The installation of fences also has an immense impact on the people living in the border region. The borderization process significantly affects the livelihood of the population living near the border, as it disrupts the everyday life of the local population and restricts their freedom of movement, with fences “cutting off local communities from their farm land, keeping children from attending school and blocking access to cemeteries.” The Georgian elderly also receive their pension in Georgian Lari, which they have to collect on the Georgian side of the ABL. Once they have collected their pension, they are confronted with the problem that Georgian Lari is not an accepted currency on the South Ossetian side of the ABL, as the Russian Ruble is the used currency in South Ossetia.
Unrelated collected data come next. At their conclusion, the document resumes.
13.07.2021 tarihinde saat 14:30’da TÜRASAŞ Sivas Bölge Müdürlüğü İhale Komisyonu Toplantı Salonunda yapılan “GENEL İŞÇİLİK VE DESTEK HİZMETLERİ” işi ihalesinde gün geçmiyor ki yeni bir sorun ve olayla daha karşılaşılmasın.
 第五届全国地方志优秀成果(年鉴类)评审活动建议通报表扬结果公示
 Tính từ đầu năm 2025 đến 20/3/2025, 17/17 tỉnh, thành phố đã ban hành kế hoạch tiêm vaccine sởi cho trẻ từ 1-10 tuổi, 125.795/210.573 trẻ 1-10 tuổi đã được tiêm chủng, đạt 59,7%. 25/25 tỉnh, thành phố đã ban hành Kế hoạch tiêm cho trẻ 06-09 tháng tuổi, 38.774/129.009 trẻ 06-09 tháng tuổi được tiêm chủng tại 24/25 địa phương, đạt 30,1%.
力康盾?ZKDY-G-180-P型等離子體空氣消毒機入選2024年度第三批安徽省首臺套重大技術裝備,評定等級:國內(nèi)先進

The European Union Monitoring Mission (EUMM) is the international organisation that is currently responsible for checking up on the situation in the borderlands on the Georgian side of the administrative border line. Since 1 October 2008, the EUMM has been “been patrolling day and night, particularly in the areas adjacent to the South Ossetian and Abkhazian Administrative Boundary Lines.” Examples of activities conducted by the EUMM, besides patrolling of the ABL, are the installation of an emergency hotline and organising meetings in order to address and update people on the local situation.

While the EUMM has acted as a facilitator in preventing violence and grievances by organising meetings and patrolling the Georgian side of the administrative border line, the question of whether the mission has significant influence needs to be asked. The EUMM still has not received any access into Abkhazia and South Ossetia which significantly undermines its efforts and efficiency. The Russian Federation has been very consistent regarding its policies towards the two regions of South Ossetia and Abkhazia. Since 2008, the international involvement in these two regions has diminished with the withdrawal of the UN observer mission (UNOMIG) in Abkhazia in 2008 after a Russian veto concerning the extension of the mission and therefore ending the presence of the United Nations in the region.
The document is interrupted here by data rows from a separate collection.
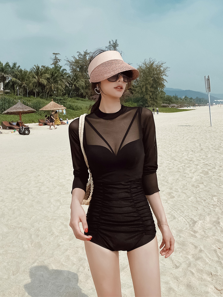 한국식 새로운 수영복 여성용 섹시 슬림 배꼽 커버 원피스 삼각형 보수적 인 작은 가슴 푸시 업 원피스 온천 수영복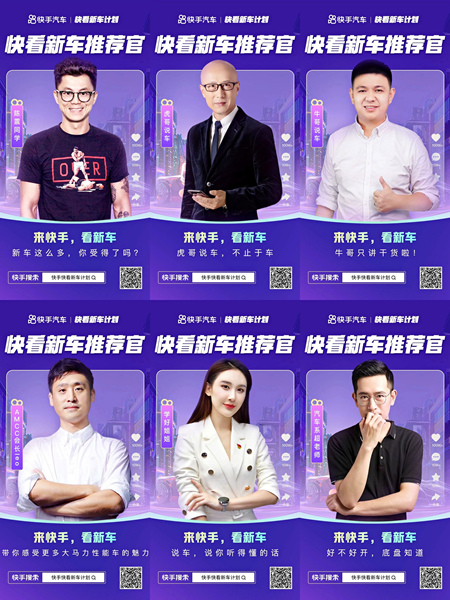 在专业层面,快手整合站内外汽车头部短视频作者及行业资深媒体作者,作为快看新车推荐官为“快看新车计划”发声,其中包括虎哥说车、猴哥说车、二哥说车等短视频汽车头部达人,以及韩路聊车、陈震同学等行业资深媒体作者,一方面依托快手平台丰富且完善的汽车内容生态,通过“大咖说新车”说车评车,保证内容输出的品质感和专业性;另一方面通过“跨界大咖看新车”看车选车,将复杂专业的内容简单通俗化,拉进产品与消费者距离感,赢得用户信任,直接促单交易。
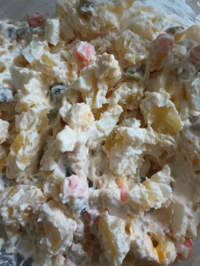 Cooked cut-up 5 potatoes, shredded carrots or cut-up baby carrots, cut-up 3 boiled eggs, 3 pickles. Add 1c. real mayonnaise, stir and serve.
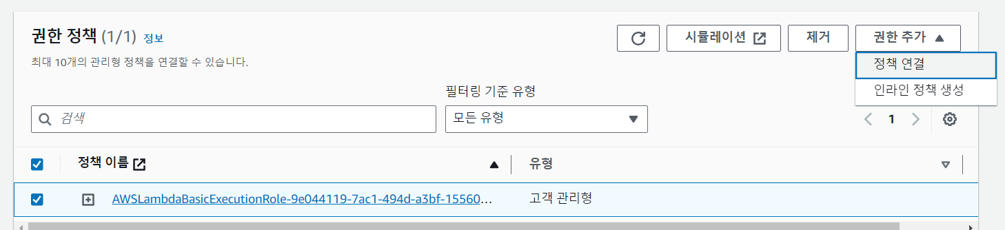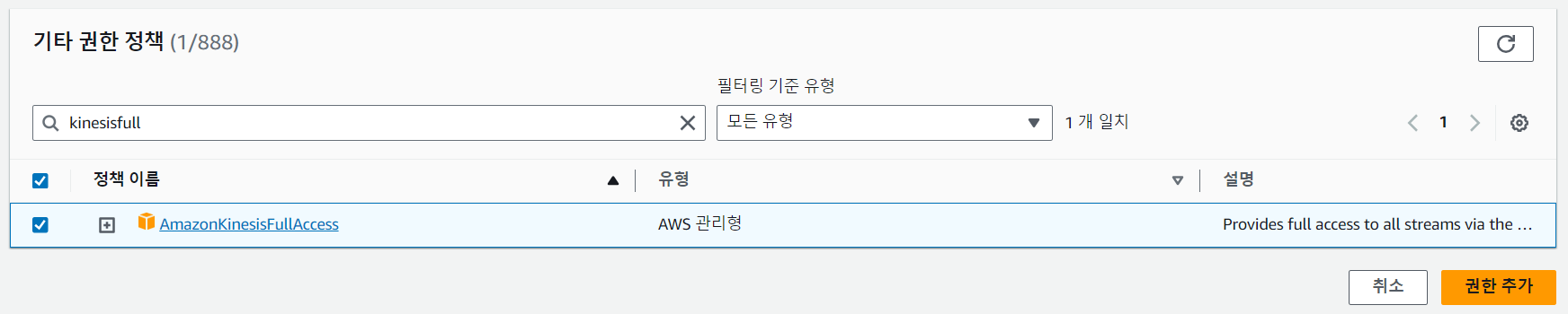 기존 역할에서 "IAM 콘솔에서 Lambda IAM 역할을 확인합니다"를 클릭한 뒤 AmazonKinesisFullAccess 권한을 추가하여 추후 Lambda가 Kinesis Data Firehose에 접근하여 데이터를 가져올 수 있도록 합니다.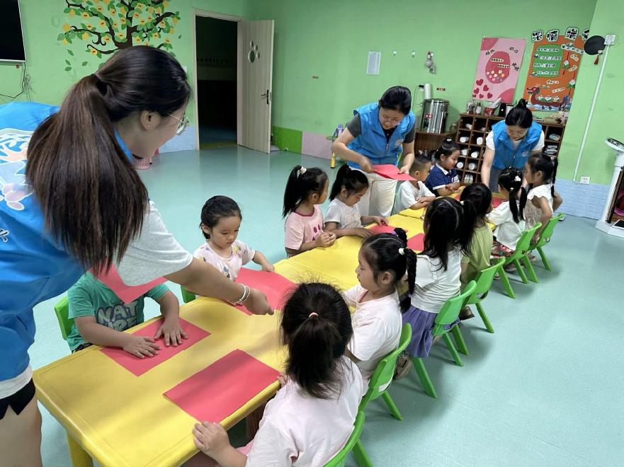 图为实践队员在爱乐亲幼儿园开展戏曲文化分享与趣味剪纸活动,通过剪纸做出戏曲中的脸谱的方式,来对儿童进行戏曲的启蒙教育,传播中华优秀戏曲文化,此次活动旨在实现戏曲文化与“德”育相结合。李孟赛 供图。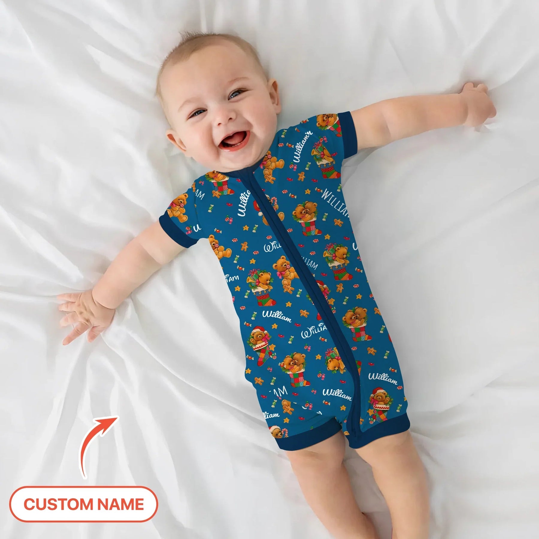Teddy Bear Merry Christmas Custom Name Shorty Zippy - Zumbamboo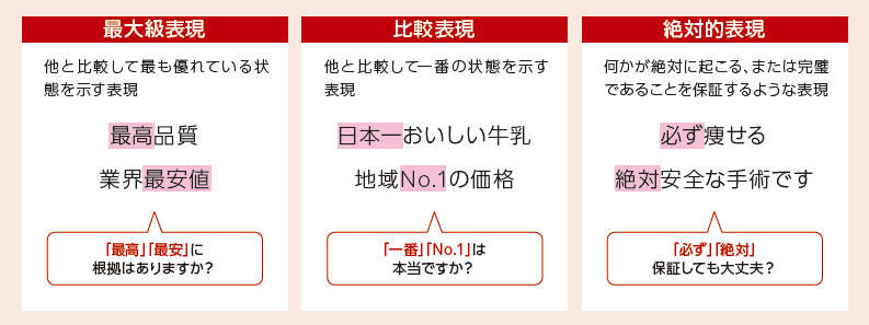 文書にインパクトをもたらす「日本一」「世界初」「最高」などの文言は、つい使いたくなりますが、客観的な根拠がない場合にリスクとなりうる表現です。
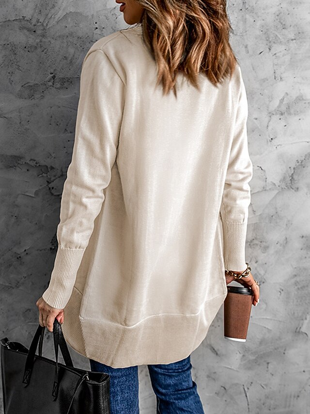 More information about Women's Cardigan Fashion Work Casual Solid Color Shirt Collar Patchwork Long Sleeve Regular Tops Knit Formal Work Black White Fall Winter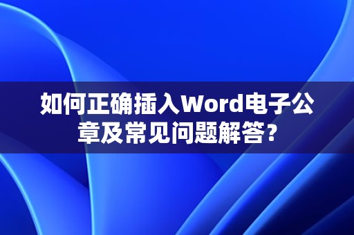 Word电子公章的插入能够提高文件的安全性、规范性和便捷性,通过以上教程,您可以在Word中轻松插入电子公章,了解一些常见问题的解答,有助于您更好地使用电子公章,在操作过程中,请确保遵循相关法律法规,确保电子公章的法律效力。

The installations of fences are therefore not only physical facts that are being installed, but also present us with a symbolic notion of the current situation. The bordering up of South Ossetia is also an effort to break with the assumption that South Ossetia might be brought back under the wings of Tbilisi. It has been no secret that, in contrast to Abkhazia where Abkhazian independence is the foremost driving force, South Ossetia wants to be “‘re-united’ with its northern counterpart of North Ossetia which is situated in the Russian Federation. The fact that most South Ossetians also hold Russian passports is not encouraging for Georgia.

The above problems are only a fraction of the dilemmas and disputes that are taking place in the borderlands between Georgia and South Ossetia. The borderization process, a striking example of the impact of geopolitics on a local situation, is not helping the reconciliation process after the short but far reaching conflict of August 2008.

Mikel Venhovens has a Master’s degree in Conflict Studies & Human Rights from Utrecht University. He is a specialist in conflict in Eastern Europe and the former Soviet union, and has conducted research in Latvia, Georgia and Abkhazia.